Finally got the flowsim stuff together. I mentioned in the last vid there is a problem. It turned out it wasn’t the flow simulator, it was in a previous step. I was rotating some coordinates wrong when adding the initial flow vectors from the river curve tangents.



Anyways, it works now. Moving on. Next I got to make the flowmap match the mesh a little better (something is wrong with the texture coordinate scaling).

The writing of initial flow values (based on the river curve tangent) is finally finished…



The method used a rectangular area around each point on the river curve (an ordinary nested for loop) and sampled all points in that area, then rotated them based on river direction, then wrote them to the array. This caused a bunch of points to be skipped because of floats being converted to ints.



Here’s a picture of how it could look before (before processing). Note especially how it affects diagonal parts where there is basically no overlapping from frames with other rotations.

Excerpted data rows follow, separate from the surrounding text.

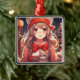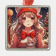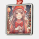 Ornement Carré Argenté Jolie fille Anime tenant Kitten Noël
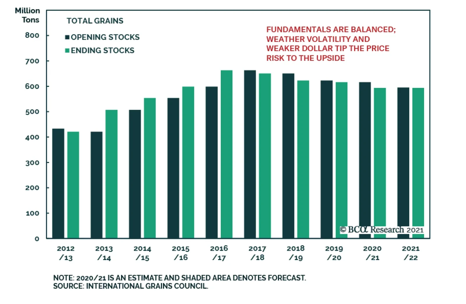 Going into the new crop year, opening and closing stocks are expected to remain flat overall vs the current crop years, with changes in production and consumption largely offsetting each other in grain and bean markets (Chart 2).1 This will leave overall prices a function of weather – which no one can predict – and the path taken by the USD over the coming year. The IGC's forecast calls for mostly unchanged production and consumption for grains and beans globally, with trade volumes mostly flat y/y. This leaves global end-of-crop-year carryover stocks essentially unchanged at 594mm tons. The USDA expects wheat ending stocks at the end of the '21/22 crop year up a slight 0.5%; rice down ~ 4.5%, and corn up ~ 4%. Below we go through each of the grain and bean fundamentals, and assess the impact of COVID-19 on global trade in these commodities. We then summarize our overall view for the grain and bean complex, and our positioning recommendations. Rice The IGC forecasts higher global rice production and consumption, and, since they expect both to change roughly by the same amount, ending stocks are projected to remain unchanged in the '21/22 crop year relative to the current year (Chart 3). The USDA, on the other hand, is expecting global production to increase by ~ 1mm MT in the new crop year, with consumption increasing by ~ 8mm MT. This leaves ending inventories for the new crop year just under 8mm MT below '20/21 ending stocks, or 4.5%. Chart 3Global Rice Balances Roughly Unchanged
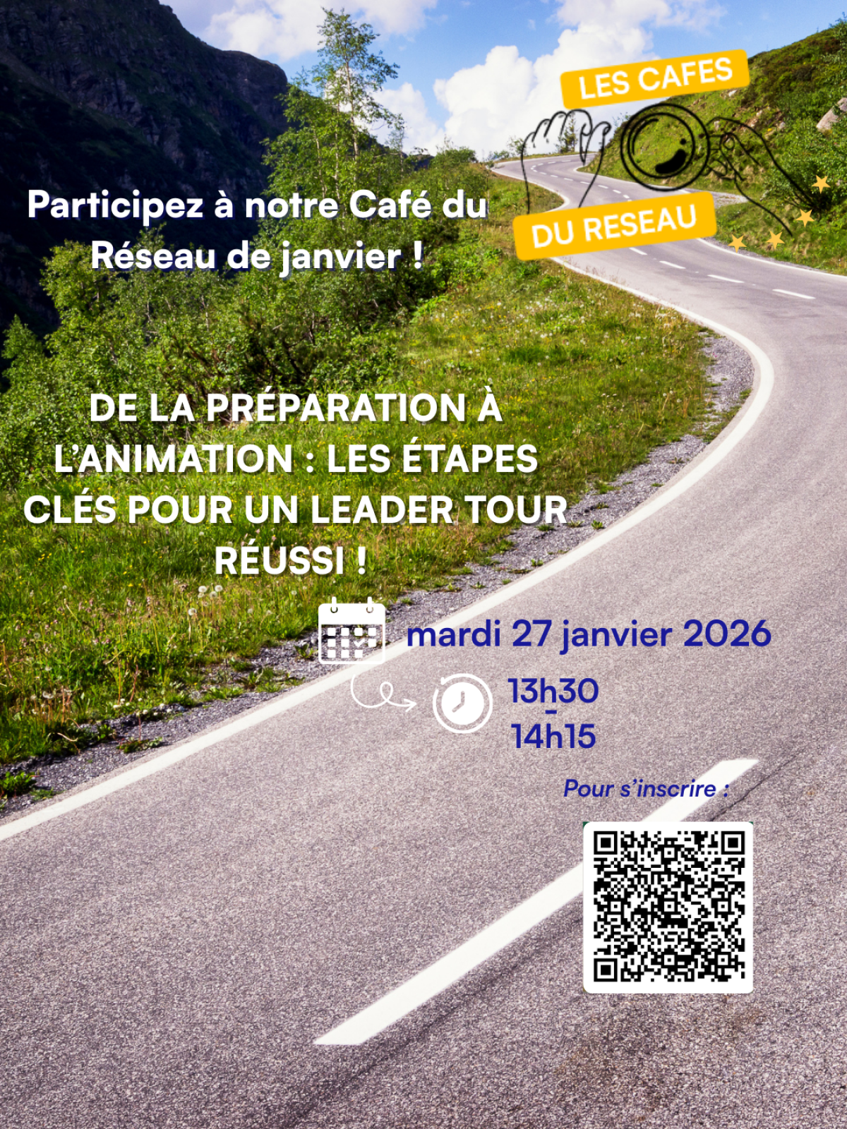 Événement - Webinaire Café du Réseau "De la préparation à l’animation : Les étapes clés pour un LEADER Tour réussi" Grand-Est Services à la population et aux entreprises Territoires LEADER Du 27 janvier 2026 au 27 janvier 2026 Horaires : de 13h30 à 14h15 Inscrivez-vous ! Café du Réseau de janvier 2026 / Réseau Rural et Agricole Grand Est Comme chaque dernier mardi du mois, nous vous retrouverons au mois de janvier pour un nouveau Café du Réseau, le 27 janvier 2026, sur l'organisation d'un LEADER Tour. Qu'est-ce qu'un "Café du Réseau" ? Réunir des partenaires ou des curieux autour d’une thématique donnée lors d’un webinaire de 45min top chrono ! Il s’agit d’un moment pour échanger autour de réalisations ou d'inspirations développées sur les territoires ruraux et agricoles. Une belle occasion de valoriser et d'informer sur les projets financés par les fonds européens sur le territoire Grand Est (ou ailleurs). Et qu'est-ce qu'un LEADER Tour ? Un LEADER Tour est un événement permettant aux acteurs d'un territoire de découvrir des projets financés par le programme européen LEADER (Liaison Entre Action de Développement de l’Économie Rural) et des initiatives innovantes. Rendez-vous le mardi 27 janvier 2026 pour découvrir les secrets d'un LEADER Tour réussi ! Contenus similaires Les "cafés réseau" du Réseau Rural et Agricole Grand Est font leur grand retour ! Grand-Est Services à la population et aux entreprises Actualité 3 février 2025 Le réseau européen des élus locaux : un nouvel outil de Commission européenne pour aller vers les citoyens ! Europe Services à la population et aux entreprises Actualité 21 novembre 2025 Synergies entre CAF et LEADER autour de l’action sociale rurale Normandie Services à la population et aux entreprises Actualité 7 novembre 2025 Comment garantir une mobilité durable et équitable pour les zones rurales ? Europe Services à la population et aux entreprises Territoire et gestion de l’espace Actualité 29 octobre 2025
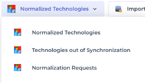 Requests for normalization are displayed in the Normalization requests list. Once normalization has been done, the corresponding technologies are visible in the global list of technologies in your repository.
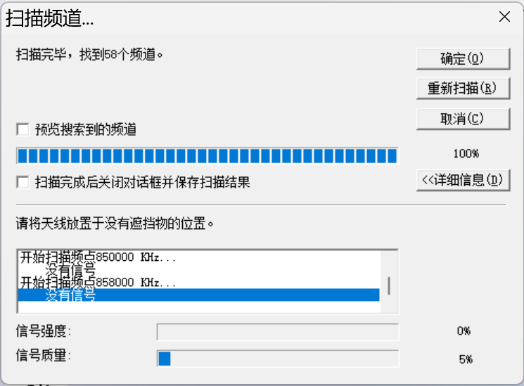 房间窗户处棒子天线测试-75到-80之间。只能收到3个频点,但是只能有两个频点解析出节目。
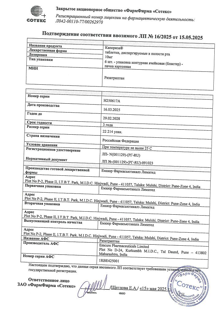 Действующее вещество: Ризатриптан
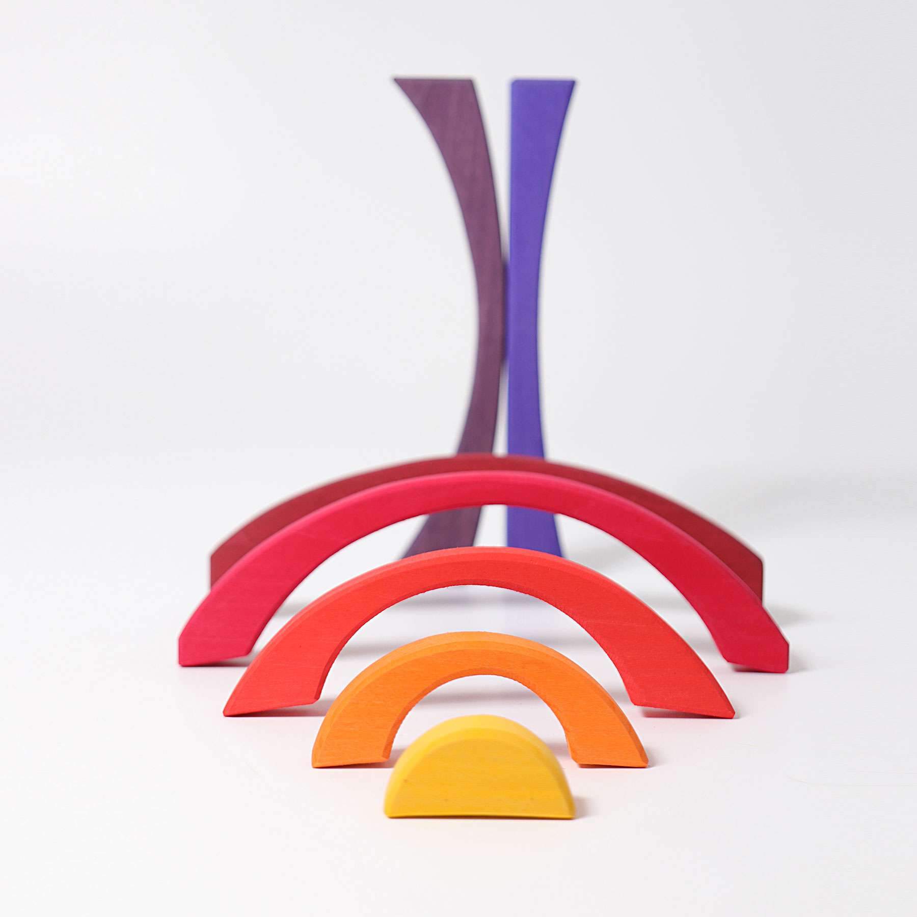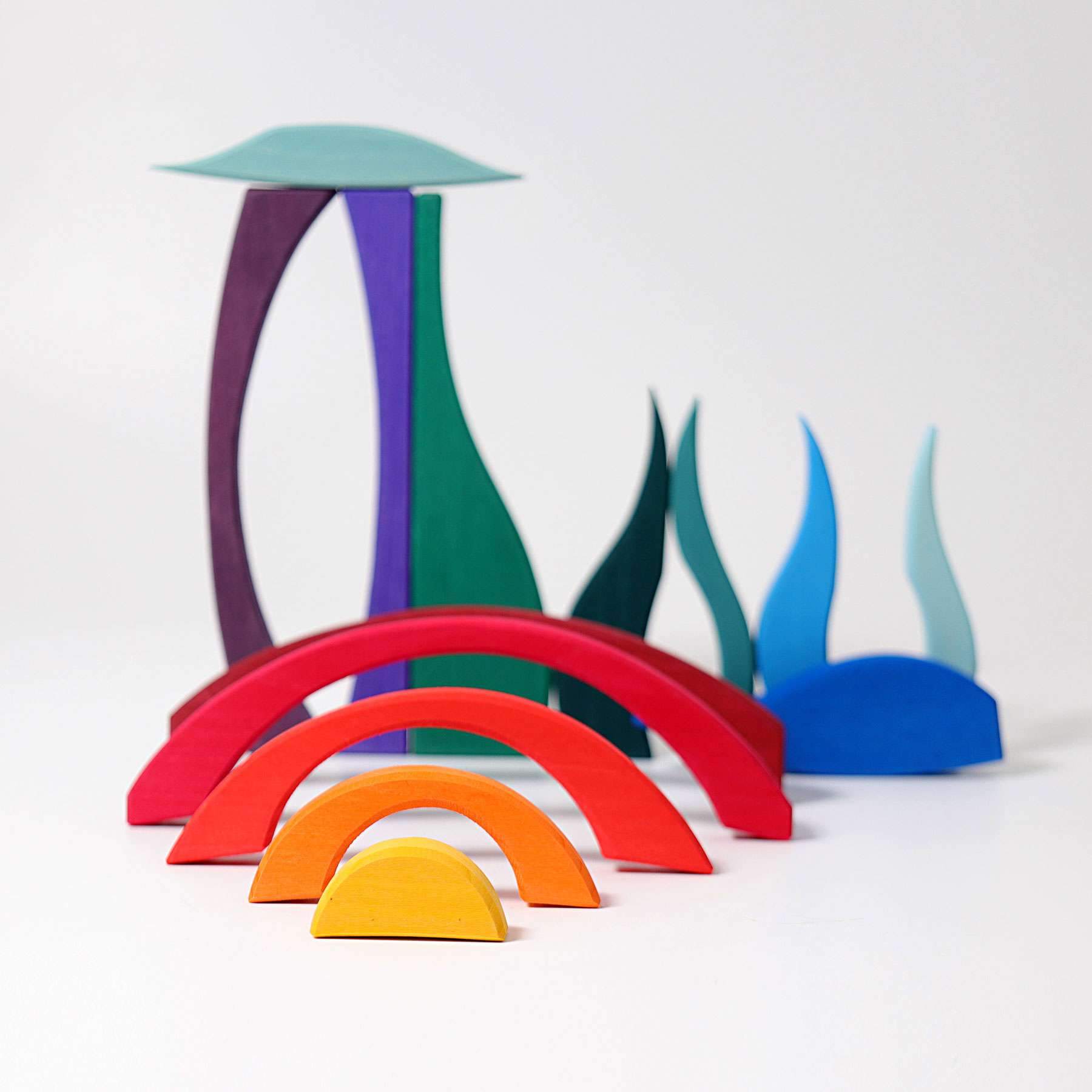 The organic, curved shapes inspire children to develop fine motor skills and spatial thinking skills through block play.

http://www.jamtlandoutdoors.se/images/dist/bad_flowmap.png



I added some dithering now, and it works perfectly. Here’s an image of how it looks now (before processing).



http://www.jamtlandoutdoors.se/images/dist/good_flowmap.png



Btw. what happens near the edges are no problem since they are culled anyways in the flowsim step. Also there are lots of smoothing taking place after these images are created, but too much color errors initially caused a visible bias in the flow direction. That bias is completely gone now.